** DATA EXTRACT follows **

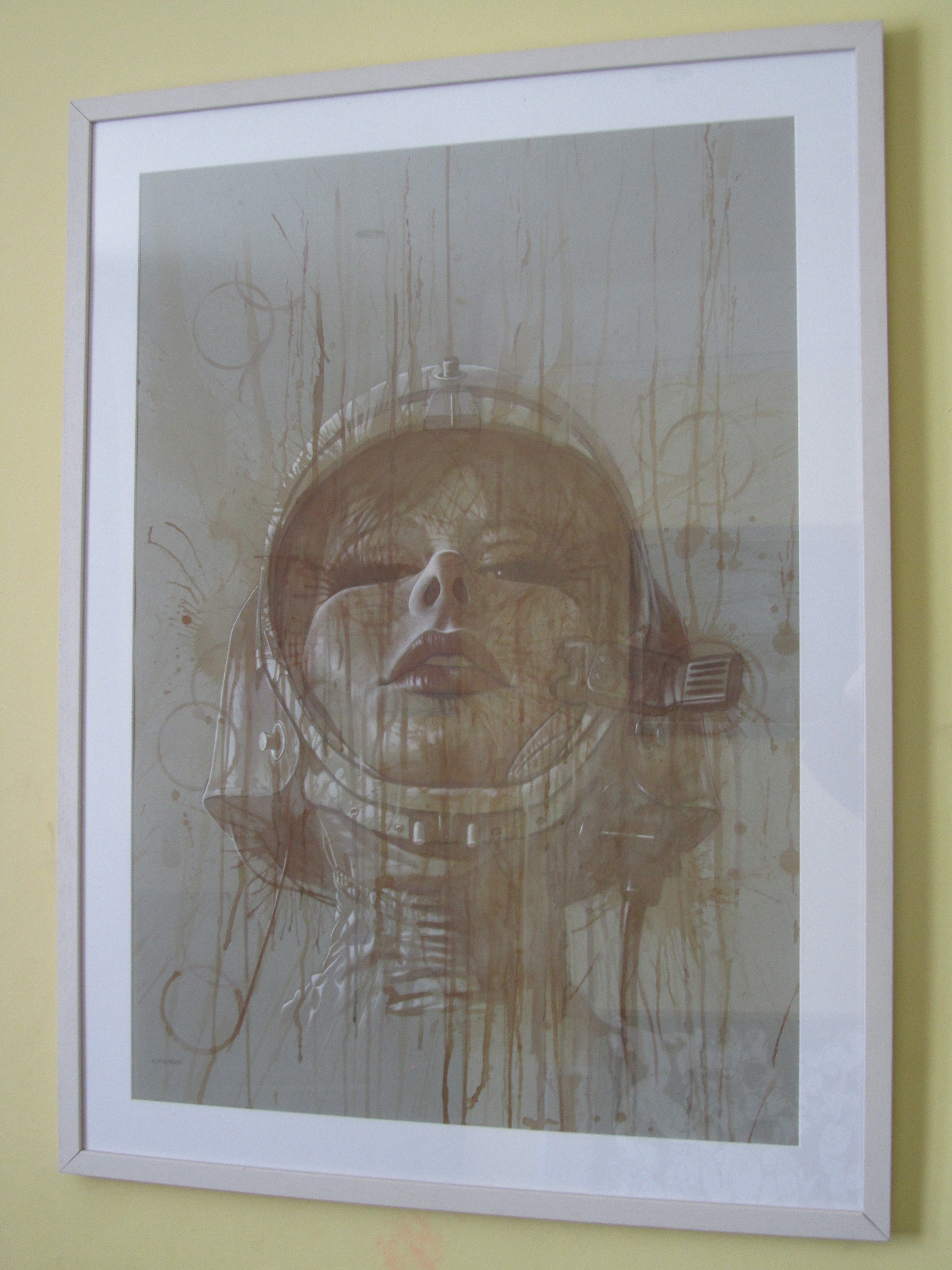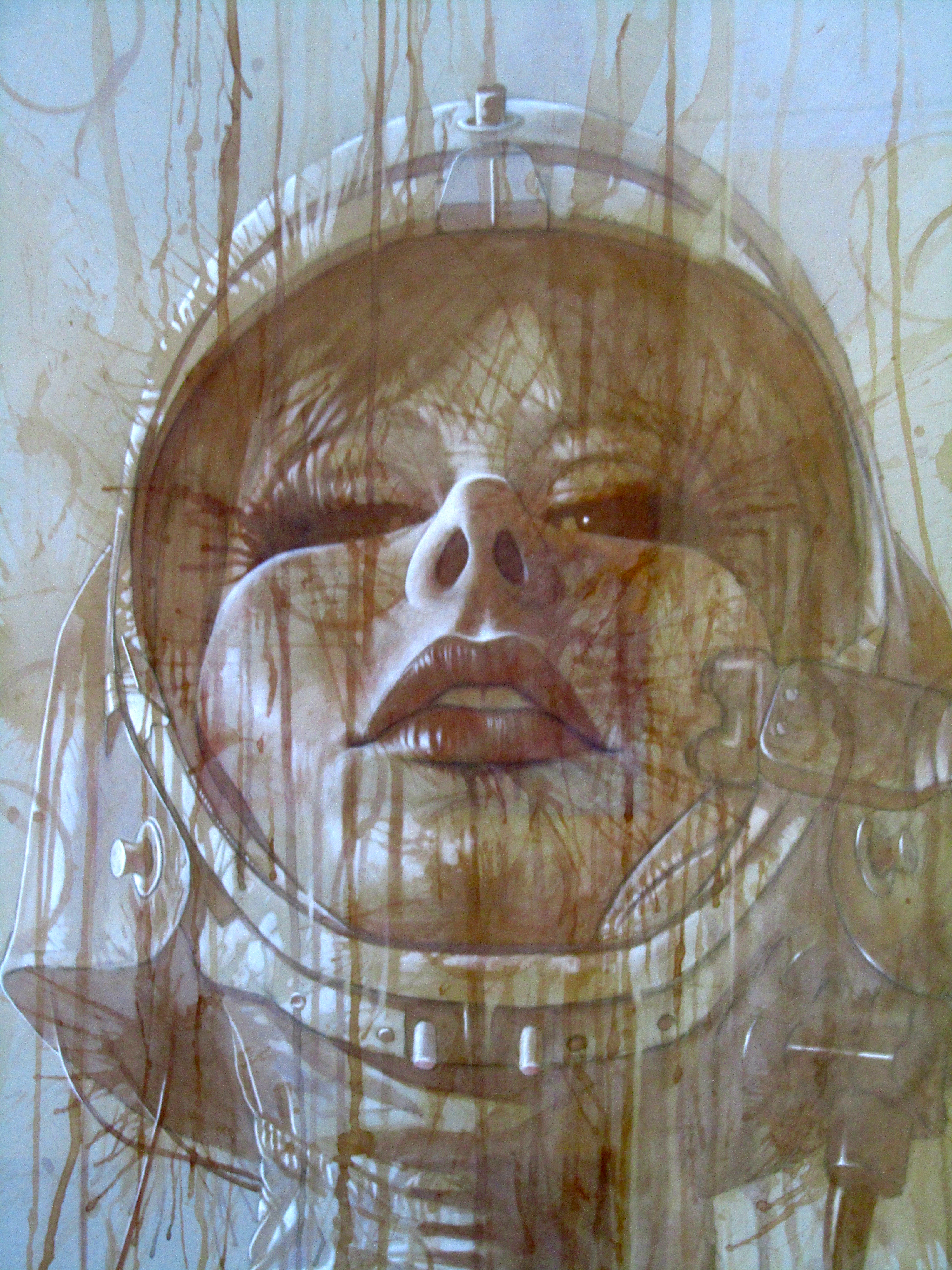 …not even knowing the title I thought of David Bowie singing ‘Ground control to Major Tom’. Obviously the space helmet, the astro-girl, outer space feel to the paining all some cues. I love the use of tea, drips and splashes and even evidence of a tea-cup in the left corner here. The detail is also amazing and in this the unusual angle. The boys find it a bit eery, it is unusual but I love it. In my search about the artist I found a fellow word press article and the words that the work is “Fusing elements of the classical, the expressive, the surreal, beauty, darkness and his love of the human form”. This is an interesting link to my husband’s work which is focused on the human form. Like the previous swaps, it seemed such a good connection, perhaps it’s the symbol on this little keyhole man that makes me think of space aliens or darth vader. So for this art swap we sent ‘Poison’ in exchange for ‘In Search of Major Tom’.
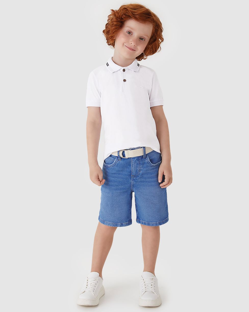 A Bermuda Menino Acompanha Cinto Em Jeans Com Elastano - Carinhoso oferece conforto e estilo para o dia a dia dos garotos. Com tecido flexível e detalhes modernos, é perfeita para diversas ocasiões, garantindo liberdade de movimentos e praticidade.
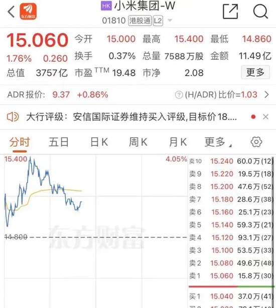 港股方面,小米集团-W盘中一度涨近4%,截至发稿,该股上涨1.76%。
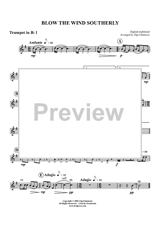 Digital Sheet Music for Blow the Wind Southerly - Trumpet 1 in B-flat by Traditional English Melody, Nigel Simmons scored for Brass Quintet; id:364239
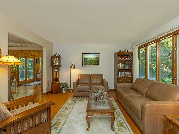 Looking for privacy? Then this is it. Lovely contemporary ranch nestled on 18.62 acres of picturesque property. Enjoy fishing, hiking or just relaxing on the deck. The property is bordered by a stonewall and has a pond and stream. You will love the magnificent 20' x 20' pine great room featuring, cathedral ceiling, hardwood floors, tall windows throughout the room and access to the deck. The very spacious eat in kitchen has a vaulted cedar ceiling, granite countertops, large granite breakfast bar, pantry and dining or sitting area that also lead to the deck. A formal living room with woodstove and formal dining room both with beautiful hardwood floors add to the beauty of this home. The master bedroom has a walk in closet and half bath. There are two additional good size bedrooms and a very large full bath. Main floor laundry room with slop sink. Anderson windows, new garage doors, new water softener, New Deck, Only minutes to the train, shopping and school.

** End of DATA EXTRACT **

(DIRECTIONS FOR THIS TASK):
Would you copy out all the data exactly, without the images?

(ANSWER BELOW):
 …not even knowing the title I thought of David Bowie singing ‘Ground control to Major Tom’. Obviously the space helmet, the astro-girl, outer space feel to the paining all some cues. I love the use of tea, drips and splashes and even evidence of a tea-cup in the left corner here. The detail is also amazing and in this the unusual angle. The boys find it a bit eery, it is unusual but I love it. In my search about the artist I found a fellow word press article and the words that the work is “Fusing elements of the classical, the expressive, the surreal, beauty, darkness and his love of the human form”. This is an interesting link to my husband’s work which is focused on the human form. Like the previous swaps, it seemed such a good connection, perhaps it’s the symbol on this little keyhole man that makes me think of space aliens or darth vader. So for this art swap we sent ‘Poison’ in exchange for ‘In Search of Major Tom’.
 A Bermuda Menino Acompanha Cinto Em Jeans Com Elastano - Carinhoso oferece conforto e estilo para o dia a dia dos garotos. Com tecido flexível e detalhes modernos, é perfeita para diversas ocasiões, garantindo liberdade de movimentos e praticidade.
 港股方面,小米集团-W盘中一度涨近4%,截至发稿,该股上涨1.76%。
 Digital Sheet Music for Blow the Wind Southerly - Trumpet 1 in B-flat by Traditional English Melody, Nigel Simmons scored for Brass Quintet; id:364239
 Looking for privacy? Then this is it. Lovely contemporary ranch nestled on 18.62 acres of picturesque property. Enjoy fishing, hiking or just relaxing on the deck. The property is bordered by a stonewall and has a pond and stream. You will love the magnificent 20' x 20' pine great room featuring, cathedral ceiling, hardwood floors, tall windows throughout the room and access to the deck. The very spacious eat in kitchen has a vaulted cedar ceiling, granite countertops, large granite breakfast bar, pantry and dining or sitting area that also lead to the deck. A formal living room with woodstove and formal dining room both with beautiful hardwood floors add to the beauty of this home. The master bedroom has a walk in closet and half bath. There are two additional good size bedrooms and a very large full bath. Main floor laundry room with slop sink. Anderson windows, new garage doors, new water softener, New Deck, Only minutes to the train, shopping and school.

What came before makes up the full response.